Can science explain art?
Certainly: in 1999 the British neurobiologist Semir Zeki published Inner Vision, an illuminating account of how, through trial and error and intuition, different schools of art have succeeded in mapping the neurological architectures of human vision. (Put crudely, Rembrandt tickles one corner of the brain, Piet Mondrian another.)
Twelve years later, Oliver Sacks contributed to an already crowded music psychology shelf with Musicophilia, a collection of true tales in which neurological injuries and diseases are successfully treated with music.
Angus Fletcher believes the time has come for drama, fiction and literature generally to succumb to neurological explanation. Over the past decade, neuroscientists have been using pulse monitors, eye-trackers, brain scanners “and other gadgets” to look inside our heads as we consume novels, poems, films, and comic books. They must have come up with some insights by now.
Fletcher’s hypothesis is that story is a technology, which he defines as “any human-made thing that helps to solve a problem”.
This technology has evolved, over at least the last 4000 years, to help us negotiate the human condition, by which Fletcher means our awareness of our own mortality, and the creeping sense of futility it engenders. Story is “an invention for overcoming the doubt and the pain of just being us”.

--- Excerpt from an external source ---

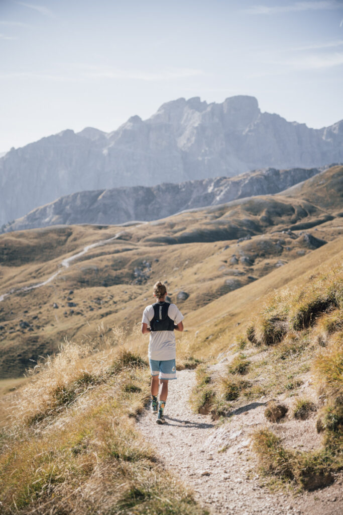 The trails here tend towards smooth and scenic, with many high traverses, such as around the rim of the aptly named Vallunga, or “long valley” which is 6 kilometers long with 1,500-foot high cliffs on both sides.

Wonderworks is a scientific history of literature; each of its 25 chapters identifies a narrative “tool” which triggers a different, traceable, evidenced neurological outcome. Each tool comes with a goofy label: here you will encounter Butterfly Immersers and Stress Transformers, Humanity Connectors and Gratitude Multipliers.
Don’t sneer: these tools have been proven “to alleviate depression, reduce anxiety, sharpen intelligence, increase mental energy, kindle creativity, inspire confidence, and enrich our days with myriad other psychological benefits.”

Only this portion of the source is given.